The reality is that the recipient of the purported notice will be unaware of Upohn J.’s advice and, if troubled by it, will appeal the notice. Nor would it make much difference if he is represented by a professional, because no professional adviser with a proper eye to his indemnity insurance will risk ignoring an appeal in favour of throwing the notice into the bin. That adviser will do what advisors usually do, and file an appeal whilst, at the same time, raising the question of nullity. It then falls to the Planning Inspectorate to decide whether or not to accept jurisdiction in respect of the appeal. If the Inspectorate concludes that the notice is a nullity, then it will decline jurisdiction.

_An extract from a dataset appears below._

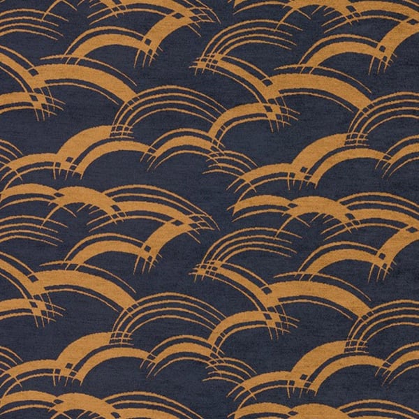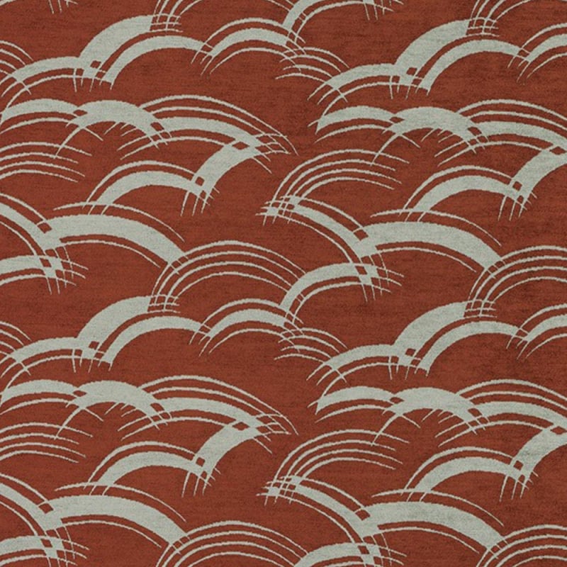 Sur le tissu Velours Ike, des arcs se croisent et se superposent dans un rythme maîtrisé. Le motif, répété avec régularité, évoque des ondes stylisées ou des courants d’air en mouvement. Les formes s’enchaînent avec fluidité dans une structure presque chorégraphique. La surface dévoile une texture visuelle riche, qui renforce la dynamique du tracé. Nobilis traduit ici une esthétique contemporaine, entre tension et légèreté.

This sounds like a perfectly linear approach; however, this is not the case in practice. One could reasonably expect that the Inspectorate would deal with the matter of nullity at the outset of the appeal process; that is to say, as a preliminary issue. In fact, the Inspectorate’s practice is to allow the process to allow defer the decision to the Inspector at the public inquiry. Thus, the parties are put in the position of having to bear the (often considerable) costs of going to an inquiry, only to have to pack their bags and go home if the Inspector then concludes that the notice is a nullity. The Inspectorate will not see itself as at fault and may decide to pass the costs of the abortive inquiry on to the unfortunate local planning authority. The reality is that the Inspectorate has failed to exercise the most basic of case management practice in dealing with the appeal, to the cost of appellants and, often, the local planning authority and any third parties who attended the inquiry. In doing so, the Inspectorate has diminished public confidence in the planning system (albeit the planning authority will, of course, get the blame) and added to the discomfort felt by the appellants and interested parties. Doubtless the planning authority will then issue a ‘second bite’ notice and the cycle will start again.

Those who are acquainted with civil and criminal litigation will know that the modern approach is to require that the courts and the parties practice case management techniques from the inception of a case to its conclusion. This approach is aimed at making the processes more efficient, reducing costs and settling preliminary issues early on.

The obvious answer is, of course, that assertions of ‘nullity’ should be dealt with as preliminary matters long before the inquiry or hearing and before the parties have invested too much time, trouble and expense in the venture. There is no reason why this matter cannot be dealt with by way of written submissions at the beginning of the appeal process.

The ‘pro-active’ approach
All of this suggests that the local planning authority which is faced with an argument that its enforcement notice is a ‘nullity’ should take the matter up with PINS at the earliest opportunity and press for a determination of the point as a preliminary matter.

If faced with an application for an award of costs, then tell the Inspector, flatly, that he does not have the jurisdiction and give him a copy of this article.

If your authority has paid money under such a purported 'award', then ask PINS to refund it !

The Inspectorate were provided with a draft of this article and declined to comment  substantively, but noted (in short) that the article is critical of the Planning Inspectorate and procedures currently adopted by it, and that that Inspectors must following statutory  guidelines until or unless these are amended by an Act of Parliament. I am still wondering about the purported ‘statutory guidelines’ invoked in this Delphic response.